General characteristics
- Class & type: ARDM-4-class
- Displacement: 5400 tons
- Length: 492 ft 0 in (149.96 m)
- Beam: 96 ft (29.3 m)
- Propulsion: None
- Complement: 131

= Shippingport (ARDM-4) =

Shippingport (ARDM-4) is an United States Navy Medium Auxiliary Repair Dry Dock. She is one of the Navy's two medium auxiliary repair dry docks, and was the first floating dry dock built for the US Navy since World War II. Laid down in 1977, delivered and placed in service on 4 January 1979, she is still in service at the Naval Submarine Support Facility at Naval Submarine Base New London, in Groton, Connecticut.

With a displacement of 5400 tons, this floating dry dock had a lifting capacity of 7800 tons.
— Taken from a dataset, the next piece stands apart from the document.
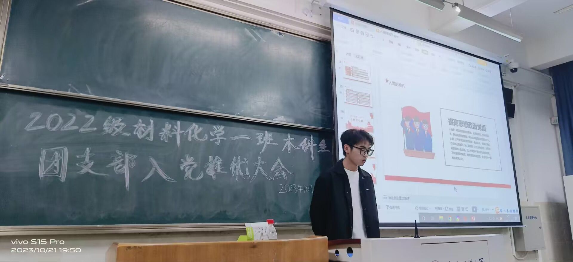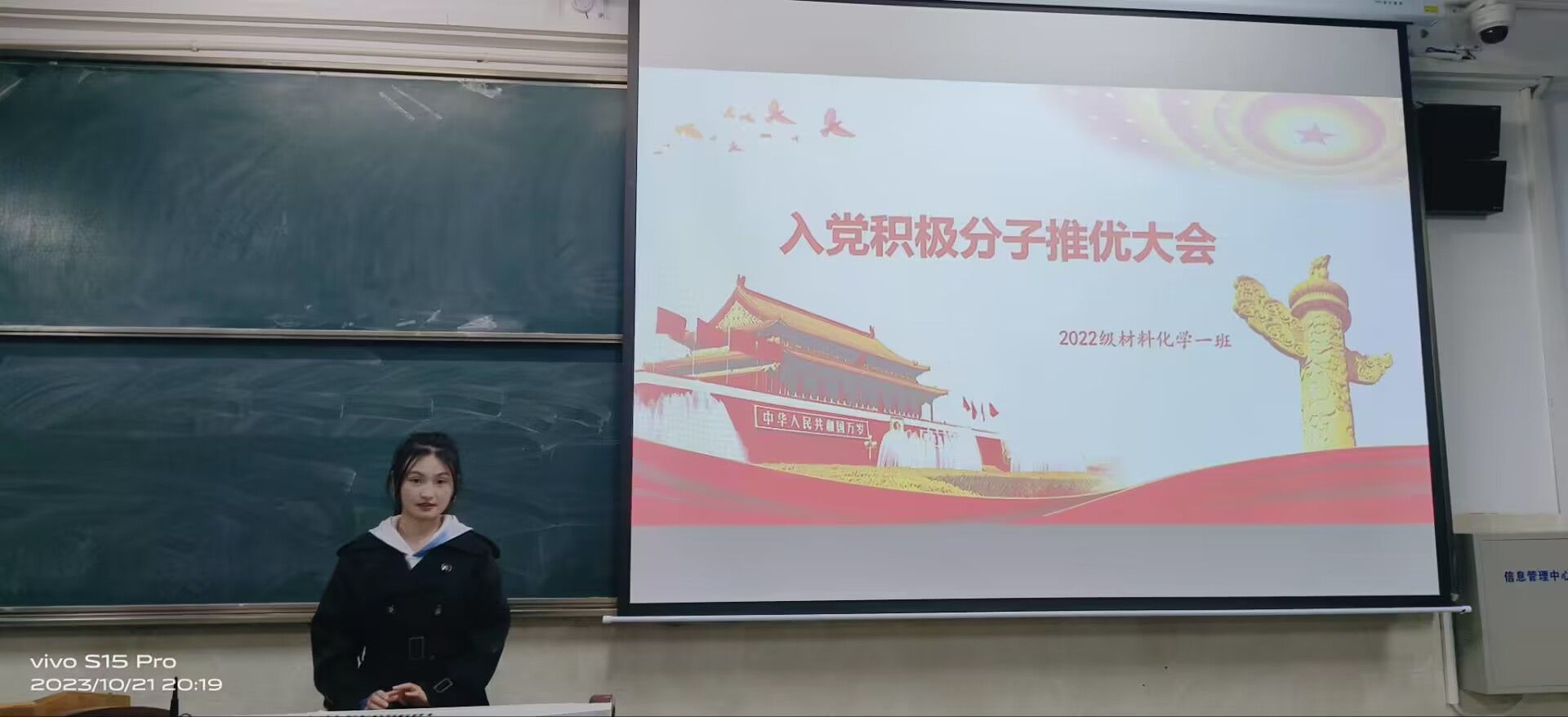 本网讯(英国正版365官方网站 李汝)推荐优秀共青团员成为入党积极分子,是党赋予共青团组织的一项光荣任务。2023年10月21日晚,2022级材料化学专业推荐优秀共青团员为入党积极分子推优大会在1号教学楼503举行,辅导员李汝主持参加会议。

Shippingport has two 25 ton portal gantry cranes on tracks, one running along the top deck of each hull side superstructure. She is a government owned, private contractor operated, restored and certified drydock used to execute submarine repairs.

In October 2010, while Shippingport (ARDM-4) was nearing the end of her overhaul at BAE Systems Ship Repair at Norfolk, Virginia, the U.S. Department of Defense (DoD) announced that General Dynamics Electric Boat was awarded an additional $6.5 million to its contract for ship forces duties during Shippingports naval service craft overhaul (SCO) and recertification. In September 2012, after being out of service for almost four years, Shippingport completed her SCO and year-long recertification. The SCO included structural modifications to enable a lifting capacity to support a Virginia-class (SSN) nuclear attack submarine. In November 2013, General Dynamics Electric Boat announced it was awarded an additional $7.1 million contract by Naval Sea Systems Command (NAVSEA) for further repairs and preservation of floating dry dock Shippingport (ARDM-4), with the work to be completed by September 2014.